A few months ago, the Library received a letter from a man in
Spokane, Washington. He was researching houses built in the 1880’s
and 1890’s from plans advertised in the local newspapers of the
time. The designer of these house plans was an architect by the
name of George F. Barber.
The researcher said that he had developed an interest in identifying
all of the surviving homes that had been built using Barber’s
designs. The man had a list of Barber’s clients. He knew that in
the 1890’s, a Clinton C. Gray of Columbus, Nebraska had ordered a
set of Barber’s architectural drawing. The Spokane man wanted to
know if the house still exists.
From the newspaper ads for
these home plans, a person could send eighty-five cents to Barber’s
company and would receive in return a staple-bound fifty-six page
booklet entitled “Modern Artistic Cottages, or the Cottage Souvenir,
Designed to Meet the Wants of Mechanics and Home Builders”. The
first of these publications contained brief designs for twenty-five
different houses. The reader was invited to correspond with the
architect, who would provide all the necessary plans and
specifications for building the house of the reader’s desire. The
cost of the plans would depend upon the size of the home to be built
as well as any re-design work requested by the would-be builder.

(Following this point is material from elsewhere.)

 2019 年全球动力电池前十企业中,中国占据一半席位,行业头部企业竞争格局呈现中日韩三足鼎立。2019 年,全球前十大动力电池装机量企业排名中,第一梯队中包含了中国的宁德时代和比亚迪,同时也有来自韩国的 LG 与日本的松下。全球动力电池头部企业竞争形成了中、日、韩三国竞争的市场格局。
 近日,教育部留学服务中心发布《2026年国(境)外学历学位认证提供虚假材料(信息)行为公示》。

Barber’s second publication,
“The Cottage Souvenir, No.2, A Repository of Artistic Cottage
Architecture and Miscellaneous Designs”, printed in December 1890,
contained not only home plans but plans for barns, chapels, churches
and store fronts. This booklet included an estimate of the prices
for the materials and labor for each of the designs.

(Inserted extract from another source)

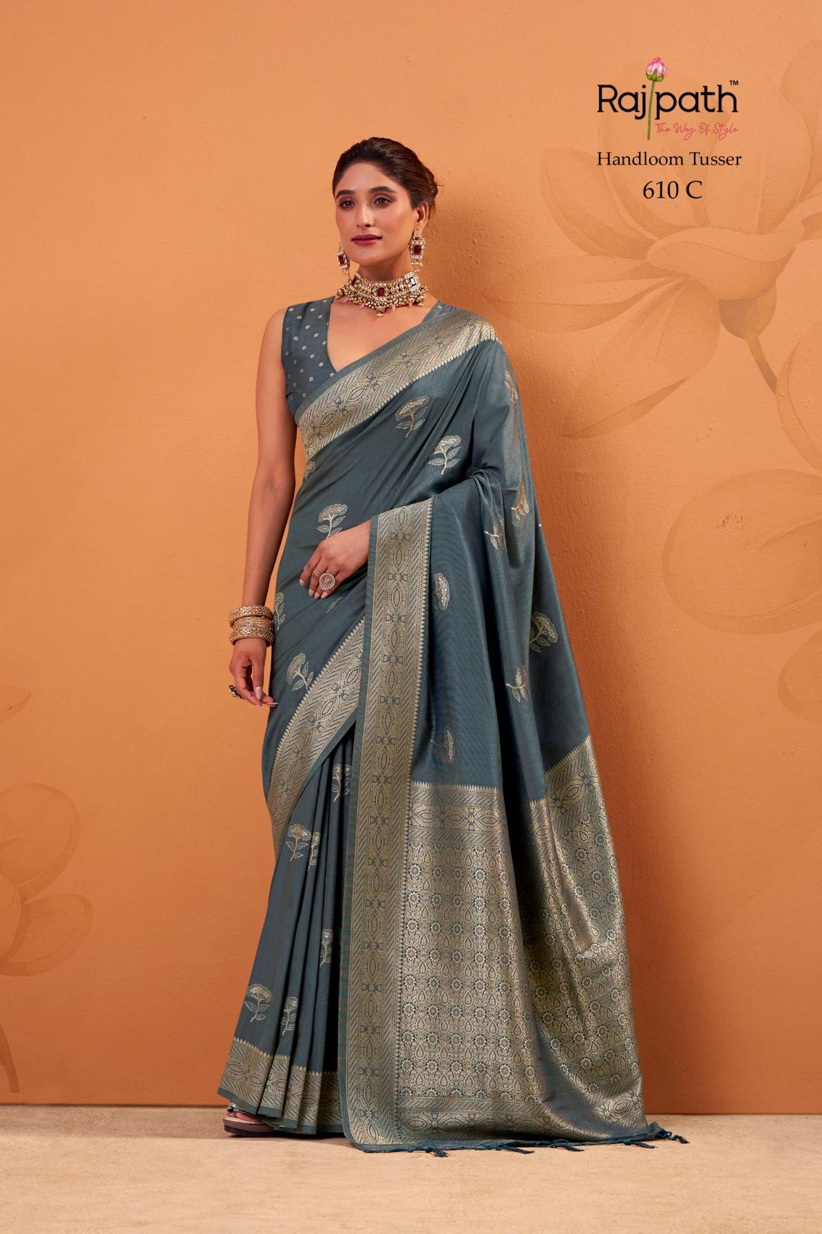Looking for RAJPATH DHATU SILK UNIQUE HANDLOOM TUSSER SAREE ONLINE Full Catalouge at Best Price? Buy Now RAJPATH DHATU SILK UNIQUE HANDLOOM TUSSER SAREE ONLINE at Wholesale Rate of Rs 11960 with Total 8 Pcs from authroized dealer and supplier of Rajpath Brand. Cost of Each piece is just only Rs 1495 which is very low and affordable price to resale the product in your retail store. rrgandhi is Surat based Wholesale Supplier & Dealer of Rajpath Brand. Click on Brand name to Know more about Brand's products.

Given only the name of the
homeowner, Clinton C. Gray, the researching ability of the staff at
the Library was greatly handicapped. There are no city directories
that go back that far in time. While Margaret Curry’s book,
“History of Platte County” lists the Grays, no address is listed. A
visit to the Platte County Recorder of Deeds also failed to locate a
home owned by the Clinton C. Gray family. Neither the cemetery nor
the funeral home information provided an address.
In the research that was
done, it was learned that at one time Myron, the son of Clinton C.
Gray, owned a home on the south side of town. In reading Curry’s
Platte History book it was learned that Clinton and his wife moved
to Omaha in 1913 and left their son, Myron to run the family dry
goods business in Columbus. One might speculate that perhaps the
father and mother had also given their Columbus home to the son when
they moved to Omaha.
To follow through on this
hunch, a drive-by of the house in question was arranged. The house
was surprisingly unchanged and there were several unique
architectural features, one might associate with a Barber design. A
few digital photographs were taken of the house and sent to the
Spokane researcher. His response was that while the house is not
one included in any of Barber’s design books, it’s of the period and
it could have been one that had been custom designed. For the sake
of the owner’s privacy, the address of this house is intentionally
not listed in this article.
The Library recently
purchased a reproduction of Barber’s, 1891 catalog of house plans.
That book, “Victorian Cottage Architecture, An American Catalog of
Designs, 1891”, is available for check out.